Tax Court of Indiana

August 15, 2017

WILLIAM E. SCHMIDT, JR. and DANIELLE SCHMIDT, Petitioners,
v.
INDIANA DEPARTMENT OF STATE REVENUE, Respondent.

         ON APPEAL FROM A FINAL DETERMINATION OF THE INDIANA DEPARTMENT OF STATE REVENUE

          ATTORNEYS FOR PETITIONERS: MICHAEL A. ROGERS JACOB V. BRADLEY MATTHEW S. CARR JOSHUA B. FLEMING QUARLES & BRADY LLP Indianapolis, IN

          ATTORNEYS FOR RESPONDENT: CURTIS T. HILL, JR. INDIANA ATTORNEY GENERAL JESSICA R. GASTINEAU ANDREW T. GREIN WINSTON LIN DEPUTY ATTORNEYS GENERAL Indianapolis, IN

          WENTWORTH, J.

         William E. Schmidt, Jr. and his wife Danielle challenge the Indiana Department of State Revenue's assessments of adjusted gross income tax (AGIT) for the 2009, 2010, and 2012 tax years.
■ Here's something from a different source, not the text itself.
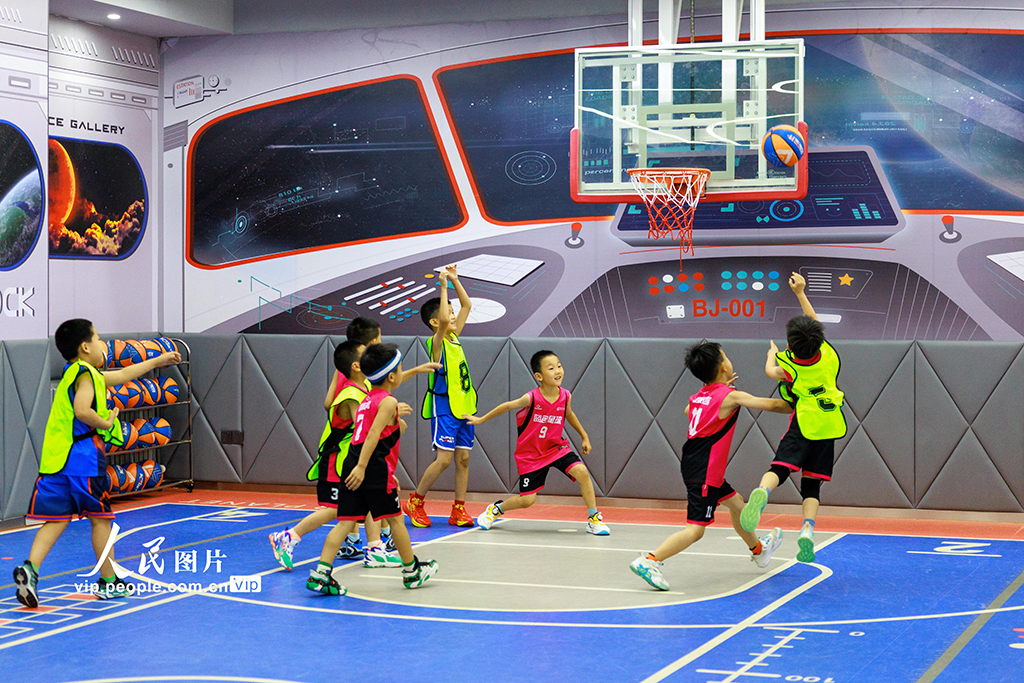 2025年7月8日,新疆乌鲁木齐经济技术开发区(头屯河区)高铁街道锦霞社区组织辖区小朋友开展唱歌、绘画、舞蹈、篮球等活动,丰富他们的暑期生活。孙振嵩摄(人民图片网)

The Schmidts assert that they were not subject to Indiana's AGIT because they were neither Indiana residents nor nonresidents who received Indiana source income during those years. The Court agrees.

         FACTS AND PROCEDURAL HISTORY[1]

         Mrs. Schmidt was born in Indiana, and Mr. Schmidt moved to Fort Wayne, Indiana at the age of sixteen. (Trial Tr. at 98-99, 103.) The Schmidts lived in various Indiana locations, and in 2005 they built a house and moved to Carmel, Indiana. (Trial Tr. at 19.) In mid-1999, Mr. Schmidt started an Indiana company, CopyCo, that sold and serviced copy machines, printers, fax machines, and typewriters. (Trial Tr. at 19, 100.) In August or September of 2006, the Schmidts sold CopyCo to Global Imaging Systems ("Global"), a company headquartered in Tampa, Florida. (Trial Tr. at 20-21.) Global continued to employ Mr. Schmidt as one of twenty core presidents across the nation responsible for growing the business, acquiring new business, and expanding its territories. (Trial Tr. at 21.) In addition, Mr. Schmidt was responsible for overseeing CopyCo's business in Indiana, Kentucky, Ohio, and Illinois. (Trial Tr. at 60-61.)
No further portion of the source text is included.